Selling expenses in 201810.

60%, same as minus 1.

39pct, 19Q1 sales expense ratio is basically the same as last year.

The management expense ratios for 2018 and 19Q were 7, respectively.

17% (-0.

52 points) and 5.

03% (+0.


The business tax rates are 15 respectively.

60% (+9.

82 points) and 14.

25% (-1.

96pct), of which the consumption tax is priced at 12 in 2018.

64%, the same increase of 9.

02pct, mainly from May 1, 2017, the minimum taxable price approval ratio of liquor consumption tax has been adjusted from 50% to 70% to 60%, due to the rise of the tax base.

To sum up, the company’s net interest rates were 33.

59% (+0.

36 points) and 36.

96% (+0.

52pct), operating capacity remains stable.

The intensified competition within the province is actively responding, and there is still better room outside the province.

Due to the province’s base competitiveness, the price of Haitian is transparent, the distributors’ channel profits are relatively thin, and their enthusiasm is slightly hindered. In addition, competition is intensifying, and the province’s revenue growth rate is expected to improve.

In response to this, the company launched a new version of Haitian to improve dealer channel profits, and some regions have met the company’s expectations.

At the same time, the company also actively responded to competing products. At the marketing conference that was reorganized after the year, the company adjusted its organization and personnel, and set up a sales area in Huai’an to block competitive products.
Despite the short-term growth impact, it is beneficial to long-term development.
According to grassroots research, the growth rate in the province has improved during the Spring Festival, and the repayment has been slightly affected, but the growth is relatively benign and stable growth is still expected.

The growth rate outside the province is still relatively early. The core markets of Shandong, Henan, Anhui, Zhejiang and Hebei have all performed well, and it is expected that new growth will be brought in the future.

Investment suggestion: The company’s focus on the sub-high-end dream blue has achieved significant results, and its operating goals for 19 years have been steadily improving. We supplement the 21-year forecast and slightly adjust the EPS for 19-20 to 6.

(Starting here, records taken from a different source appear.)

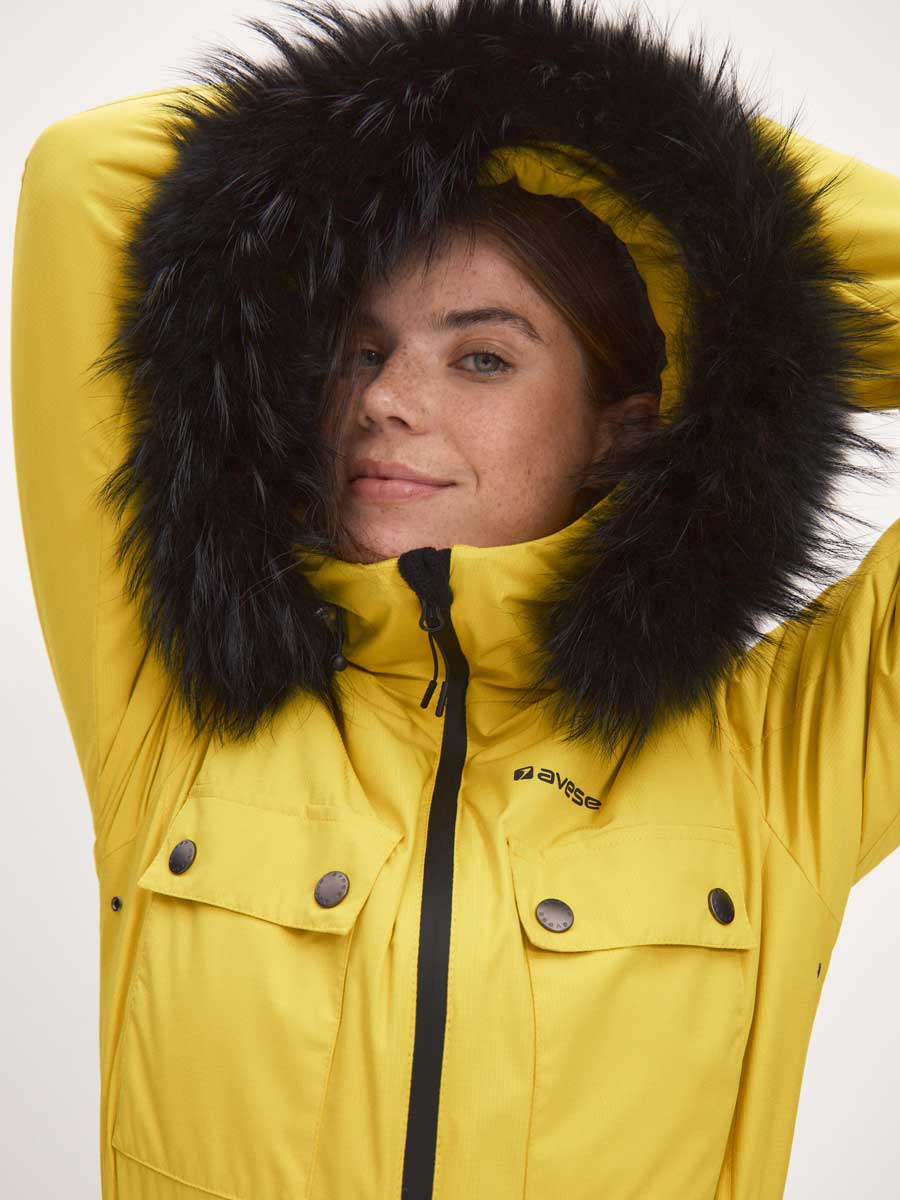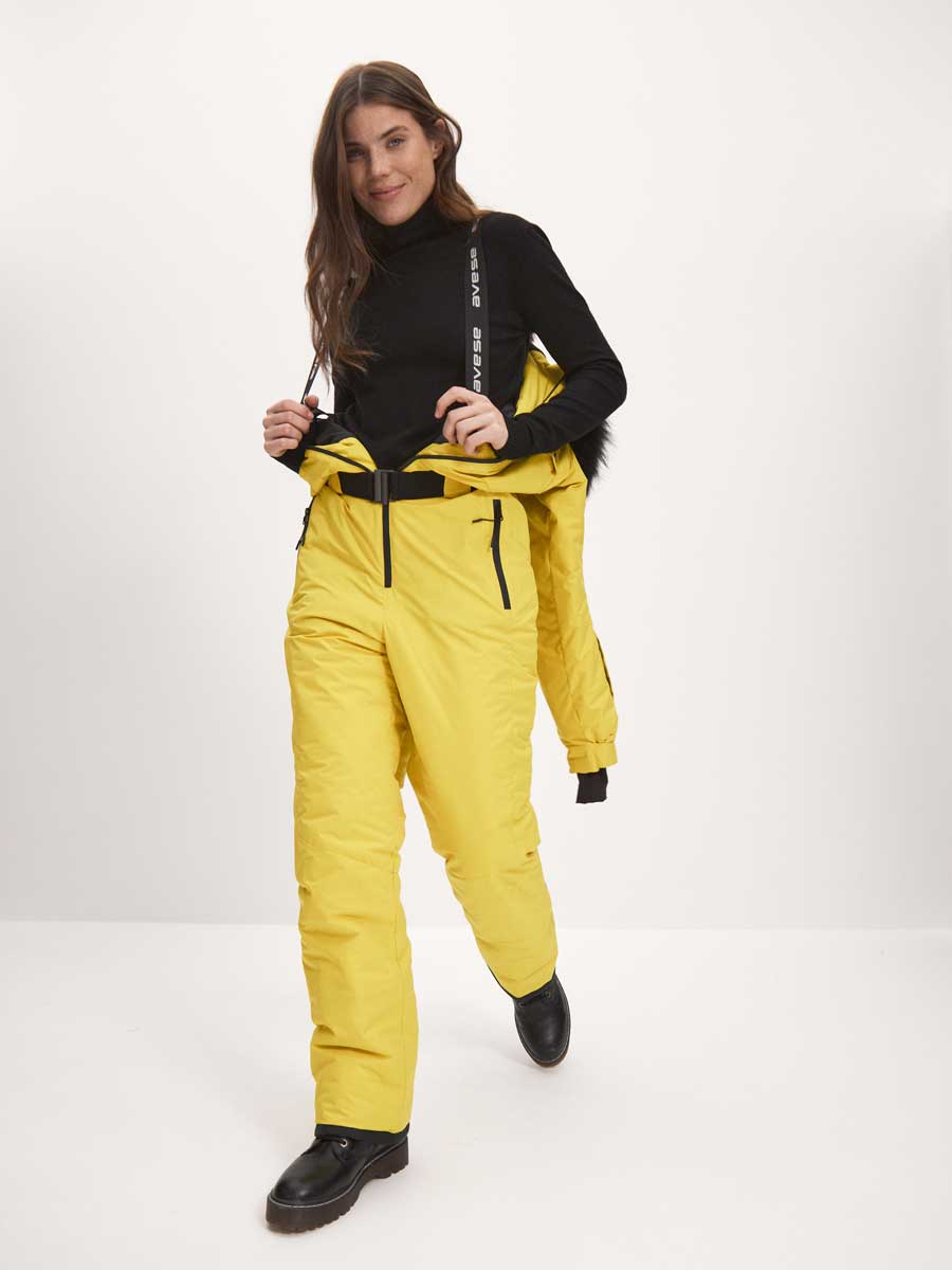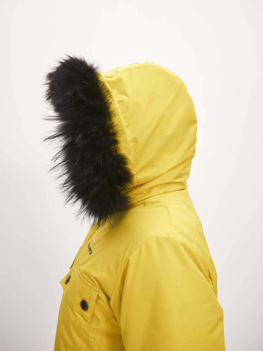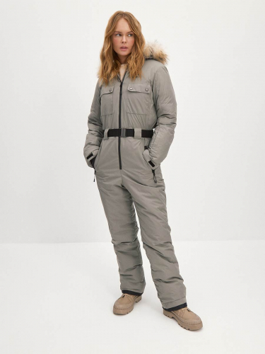 Женский зимний комбинезон из мембранной ткани с отрезным поясом по талии, в паты вставлен декоративный ремень из эластичной резины с пряжкой. Центральная застежка на молнию с влагозащитным покрытием. Втачной капюшон с отстегивающейся опушкой из натурального меха - енот. 2 кармана на молниях с влагозащитной обработкой. 2 верхних накладных кармана с клапаном на кнопках. 1 карман на рукаве с молнией. Низ рукава с патами на липучке и с внутренним манжетом, манжет с отверстием для большого пальца. Низ брюк с усилением и с внутренней снегозащитной муфтой. Комбинированная подкладка из флиса и шелка с внутренним карманом. Внутри комбинезона помочи из резинки для удобства ношения. Рассчитана на температуру от 0 до -20.
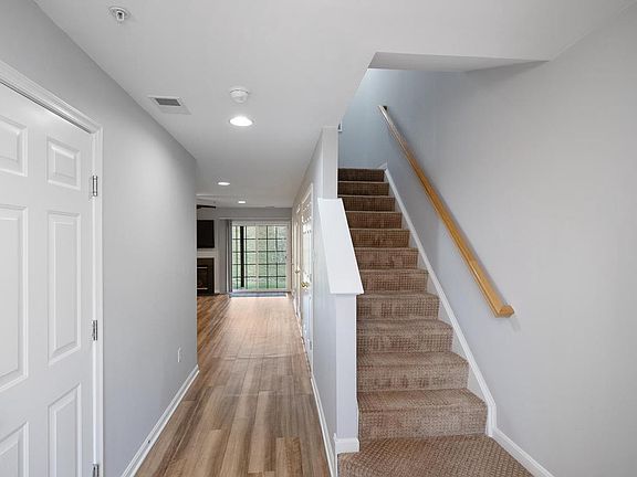 Tucked away in sought after Twin Arch Crossing- This 3 Bedroom 2 Full Bath 2 Half Bath Garage Townhome boasts over 2000 finished sqft. The open main level truly highlights the 4ft bump out with entertaining space that extends outside on the sizeable back deck. Upgraded kitchen cabinets and countertops with a dream pantry! The perks of the upgraded 4 ft bump out continue to display in the HUGE Master Suite with his and her vanity, large corner soaking tub, and walk in closet. All three upstairs bedrooms feature an upgraded vaulted ceiling. Newer Luxury Vinyl Flooring in Basement with Gas Fireplace and large mounted Samsung TV that conveys. Walk out to paver patio on lower level and flat back yard. Every level has a bathroom! Furnace, Outside HVAC Unit, Water Heater & Washer and Dryer have all been replaced within the last 3 years. Truly a blank slate ready for you to make it your own!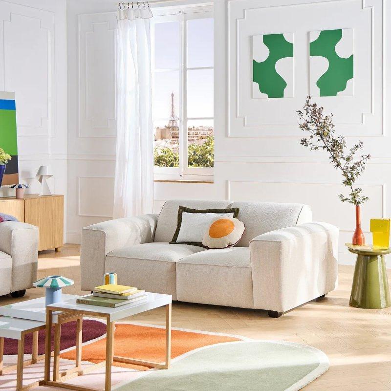 • NIHAD ikili koltuk, vintage tasarımı ve dokulu fitilli kadife kumaşıyla küçük yaşam alanlarına sıcaklık ve karakter katar.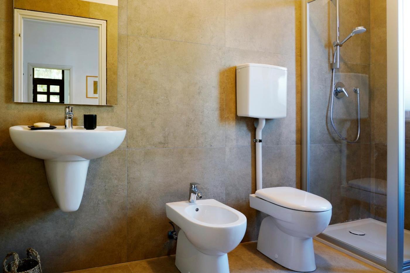 Double Room with Extra Bed. In the kitchen, guests will find a stovetop, a refrigerator, a dishwasher and kitchenware. The spacious double room offers a private entrance, a tea and coffee maker, a terrace with garden views as well as a private bathroom boasting a walk-in shower. The unit has 2 beds. ;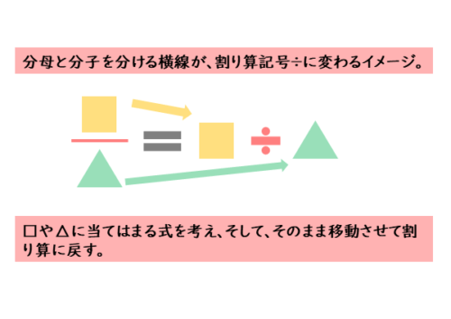 割り算に戻すときのコツは、分母と分子を分ける横線を意識することです。横線よりも下のカタマリが分母で、横線よりも上のカタマリが分子です。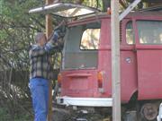 Eingewachsen und fast in Vergessenheit geraten. Im tiefen Dornrösschenschlaf hinter dichtem Flieder. Welch ein trauriger Anblick! Der Sommer ist vorbei und morgens liegt bereits der weisse, kalte Hauch des Winters über den Wiesen. Aber noch sind die Tage sonnig, mittags sogar noch warm und es naht Rettung - ein Hobbybastler mit seiner Kettensäge. Nach dreistündigem Kampf ist der Bulli endlich befreit. Und so wird aus dem Ende einer Geschichte vielleicht der Anfang einer neuen Geschichte...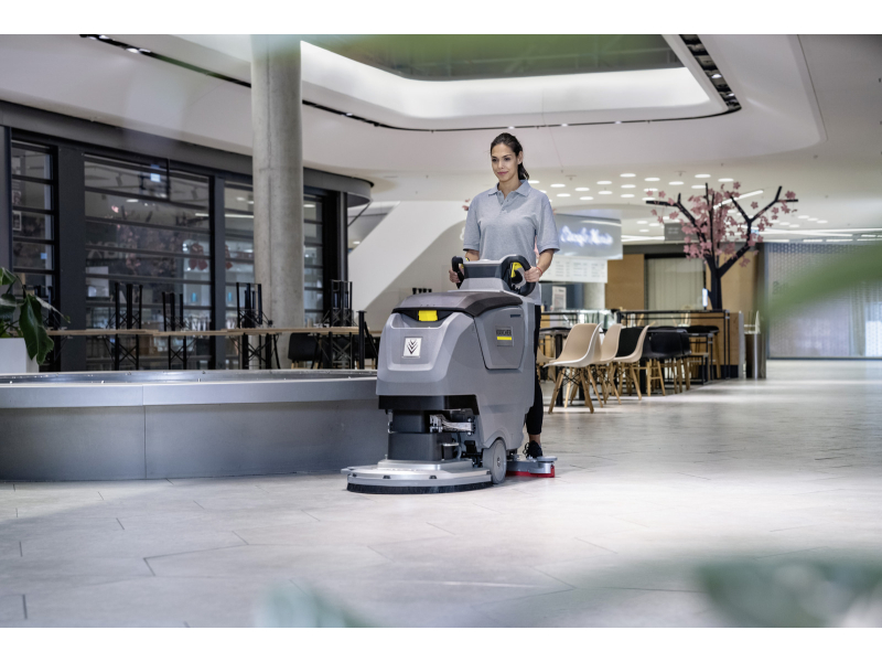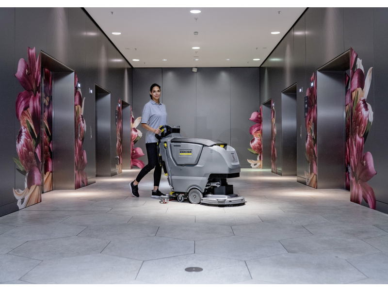 Výkonná lithium-iontová baterie 80 Ah umožňuje dlouhou pracovní dobu až 2,5 hodiny, rychlé nabíjení bez poškození článků a až několikanásobně delší životnost oproti olověným bateriím. Praktický plošný výkon až 1 840 m²/h spolu s nízkou hlučností 65 dB(A) dovoluje využití i během běžného provozu budovy, například v nemocnicích, administrativních centrech nebo obchodních prostorech.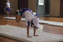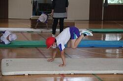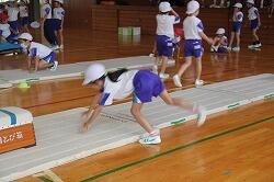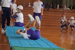 今日は「マットを使った運動遊び」を行いました。4つのコースを作り、手をついて足を上げたり、転がったり、回転したりと、いろいろな動きを練習しました。

69 yuan (previous forecast was 6.


06 yuan), corresponding to 19/17/16 times PE, respectively, combined with the company’s growth rate expectations and changes in the current sector, given a 25-year change in 19 years, the target price is 156 yuan, maintaining a “strong push” rating.

Risk warning: macroeconomic downside risks; increased competition risks; demand is less than expected.